In his first extended interview since leaving government, Patel tells Aaron Maté that still-classified documents expose more malpractice, as well as major evidentiary holes in the pivotal -- and largely unquestioned -- claims of a sweeping Russian interference campaign to elect Trump in 2016. According to Patel, the release of these critical documents was "continuously impeded."

"I think there were people at the heads of certain intelligence agencies who did not want their tradecraft called out, even though it was during a former administration, because it doesn't look good on the agency itself," Patel says. Among the tradecraft that Patel criticizes is the hastily produced and highly consequential "Intelligence Community Assessment" of January 2017, as well as the FBI's reliance on Crowdstrike -- the DNC contractor that generated the Russian hacking allegations despite later admitting, behind closed doors, that it lacked concrete evidence.

Patel also discusses other aspects of his time in the Trump White House: a secret mission to Syria; Trump's record on foreign wars; and the January 6th riot at the Capitol.

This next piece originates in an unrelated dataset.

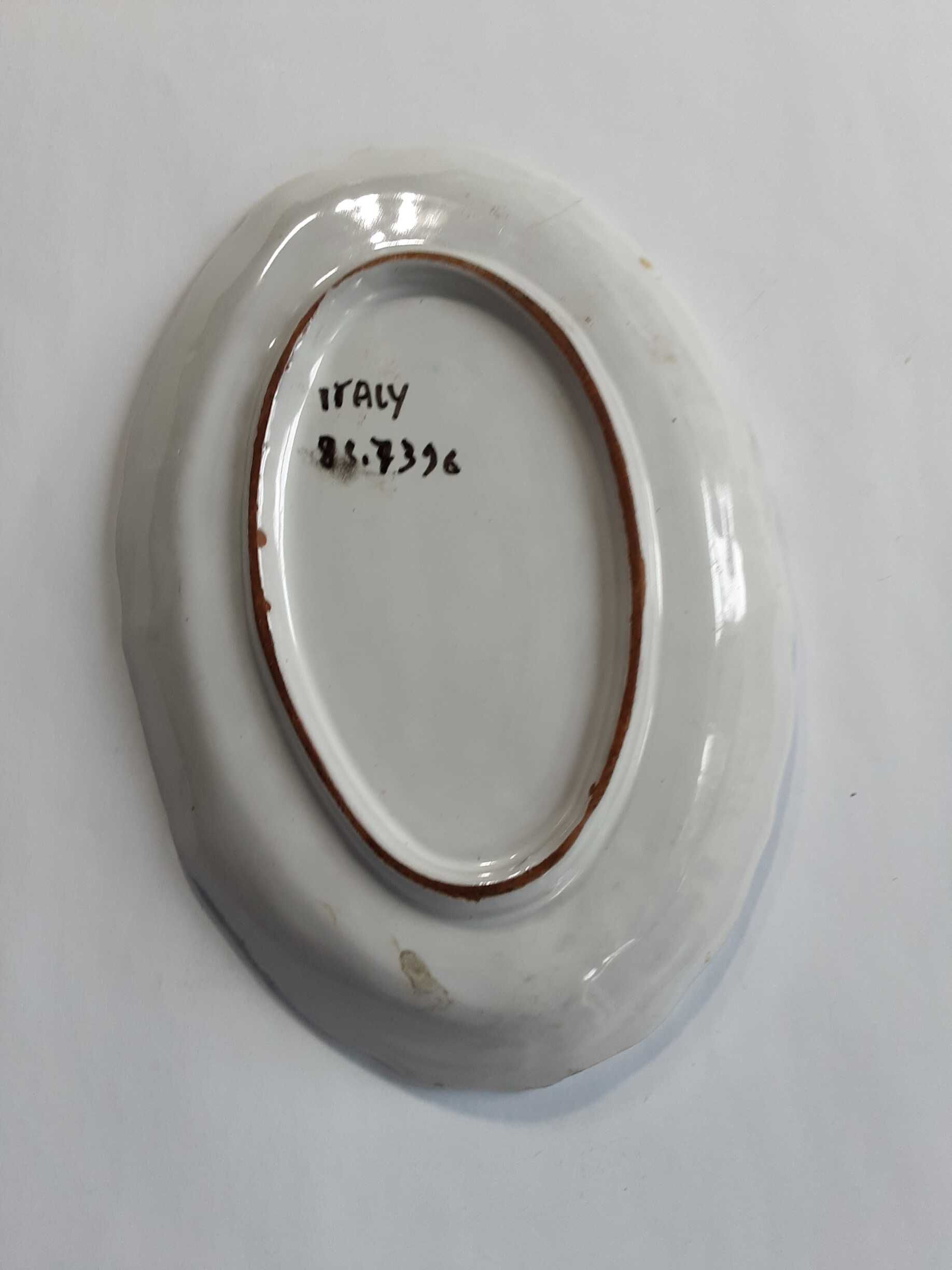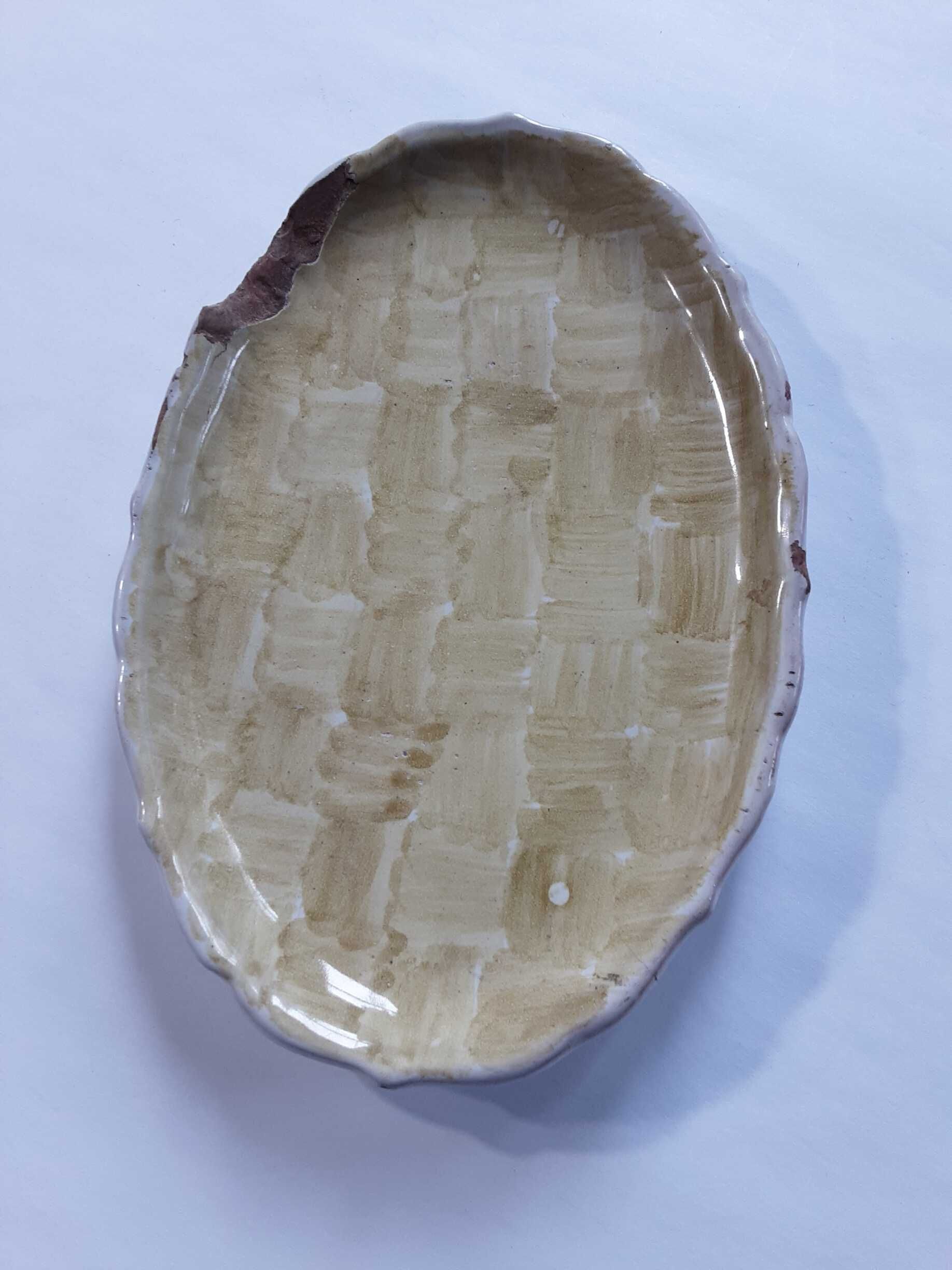 Oval ceramic dish painted in alternating brush strokes to imitate a basked weaveInscription/Signature/Marks
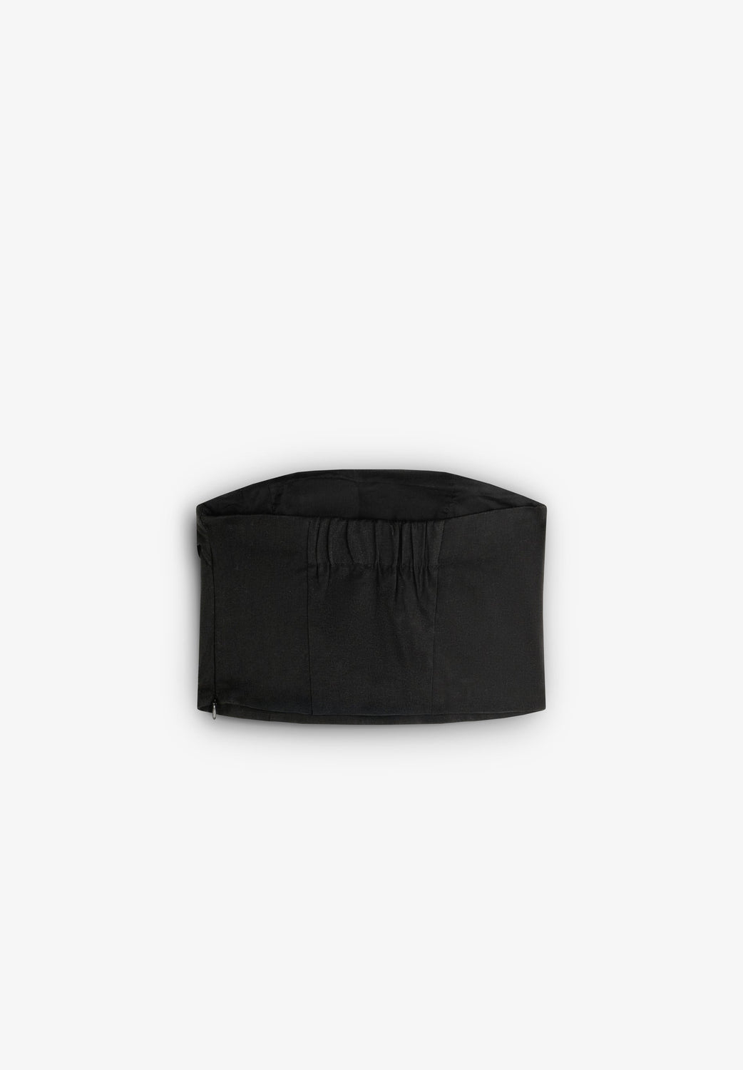 Top confeccionado en lino con detalle de ondas. Corte slim fit, palabra de honor, cropped con pinzas delanteras y nido de abeja en espalda elástico.

Guest: Kash Patel. Former senior government official in the Trump administration, where he served as senior director for counterterrorism at the National Security Council, and chief of staff to the acting Secretary of Defense. Previously, Patel served as a top investigator on the GOP-led House Intelligence Committee, where he was instrumental in exposing US intelligence misconduct in the Trump-Russia investigation.